Others believe that the SA20 is problematic because it ignores transformation. This is equally foolish. The franchise owners are not obligated to make sure they purchase an adequate number of black and brown players. The CSA must make sure there are enough black and brown players who are worth buying. The uncomfortable fact is that change, as it is applied in South African cricket, has not succeeded in producing enough top-notch players to make the game more representative of the country its teams represent. That is neither the SA20’s fault nor a matter for it to handle. It’s CSA, but it isn’t the only difficulty they will face. The fact that the SA20 took an eight-day vacation after 22 games to make room for the men’s ODI series against England caused a sigh throughout the nation and should serve as a warning: if you give people something better to watch, don’t be surprised when you take it away. And don’t mistake loyalty for patriotism.
To win the series, the South Africans put on their best white-ball performance in a number of seasons, maybe as a result of the SA20 lifting everyone’s spirits. But in the T20 Women’s World Cup opener against Sri Lanka on Friday at Newlands, it was back to earth with a jolt. A poor performance brought South Africa one more defeat away from battling to make it out of the group stage.
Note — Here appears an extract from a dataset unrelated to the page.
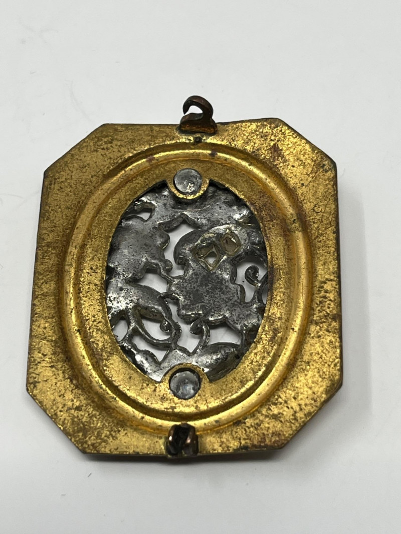 Marked STERLING. Features a black stone centerpiece. Light wear consistent with age. 3. Antique Two‑Tone Brooch (Pin Missing)

A glimmer of hope was provided by the fact that New Zealand, their opponents at Boland Park on Monday, had similarly messed up their opening match, against Australia on Saturday. However, in their previous twelve T20I matches against New Zealand, South Africa had only won two of them, and never when they had batted first. They weren’t very confident in their score of 132/6, which was helped by the Kiwis losing four catches in the final five overs. Only for New Zealand to falter to 18/4 after five overs and be dismissed for 67. The home team’s early elimination from the competition was avoided, at least until they faced the Australians, every team’s dreaded foe, at St. George’s Park on Saturday.